El reclamo conservador

“En el estudio de la cosa pública, sólo podemos aprender, realmente, de las desgracias; tanto propias, como ajenas. Probablemente las propias nos enseñen más, pero son más dolorosas. Aprendamos, entonces, también, de las ajenas.” – Polibio, esclavo liberto y preceptor griego del general romano Publio Cornelio Escipión, ‘el Africano’; historiador y filósofo que influyó en el pensamiento político desde Cicerón (s.I), hasta Montesquieu y los fundadores de la República Norteamericana (s.XVIII), por su seminal análisis de la estructura constitucional del cuerpo social romano (c.208- c.125 adC).
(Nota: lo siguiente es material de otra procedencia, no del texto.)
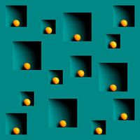 An abstract image with yellow orbs in an blue-green shelf.
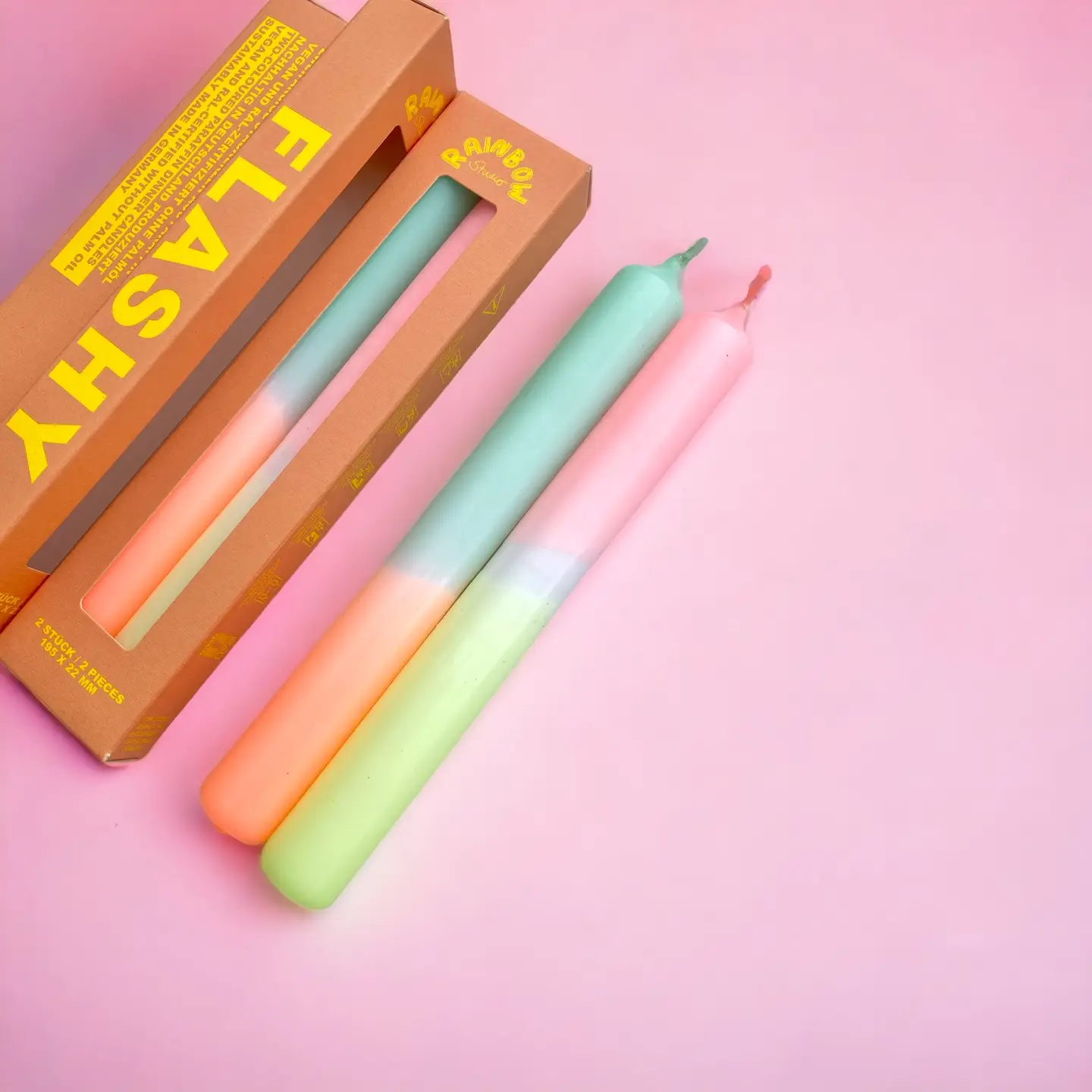 Liebevoll getauchte Neonkerzen aus sorgfältig ausgewähltem Paraffin. Handgefertigt in den malerischen Ausläufern der bayerischen Alpen.

¿Se acuerda de aquel mi pariente –amable lector – que me recordó que “el que aquí se mete a redentor sale crucificado”? Sí, aquél que le conté que tras decirme “¡no vaya a ser que por escupir al cielo, te manchés la cara!” salió del parqueo “chillando llanta”... Pues ése, aunque por aquello del “covid” ya no hemos coincidido en los “parqueos”, ahora me escribe “por WhatsApp”. Y lo último que me dijo fue: “ahora sí ‘te saliste del closet’, vahá...chairo disfrazado”. “¿Cómo así?”, le riposté y él sentenció con -según él- inapelable contundencia: “...sólo hablás mal de las mafias de derecha...y de las de izquierda...¡calladito!” (se refería a mi columna sobre la conspiración conservadora contra la CC) . “Según vos -continuó- la UNE no “se untó” con lo del Transmetro, “la Sangra” -con tusa de los narcos- no pistió a los del TSE que acaba de salir, los pizaditos esos de “la mara progre” no son “uña y mugre” con “los del Foro de Sao Pablo” y “el chairazo” del Guterrez de la ONU no quiere ‘ahuecar’ a la patojada...” Ya picado, mejor me llamó por Audio-Whatsapp -ya jodió a Mario o a Slim, pensé yo para mis adentros- y dijo: “De plano vas a negar que ‘igualito que las mafias de derecha, o más’ estos chairos son también unos corruptos ¡porqué no decís nada!; no puedo creer que no te des cuenta que aquí ‘todos son una mierda’, que aquí ‘ya se sabe que todo es pisto’, que ‘tenemos que trabajar con lo que hay’, siempre que no sea con los que nos van a cortar la cabeza” “Así que ó sos chairo.....¿o tenés miedo?” “¡Ahh...! ¡Claro! No lo había pensado, como ‘sos progre’ le tenés miedo a los chairos...no te culpo, porque ésos sí son malos...pero...o les hacemos frente, mano, o a Guatemala ¡se la va a llevar Candanga!” “¡Y a los primeros que van a fusilar son a ‘los canchitos de ojo claro’ como vos!” -ya se jodió Vinicio, pensé yo, para mis adentros. “Y no me vengás ahora con esas tus pajas de que ‘pobres los pobres’...aquí la cosa se va a poner jodida... y no digás después que no te lo dije...aquí vas a tener que escoger ‘si estás con Dios...¡o con el diablo!’”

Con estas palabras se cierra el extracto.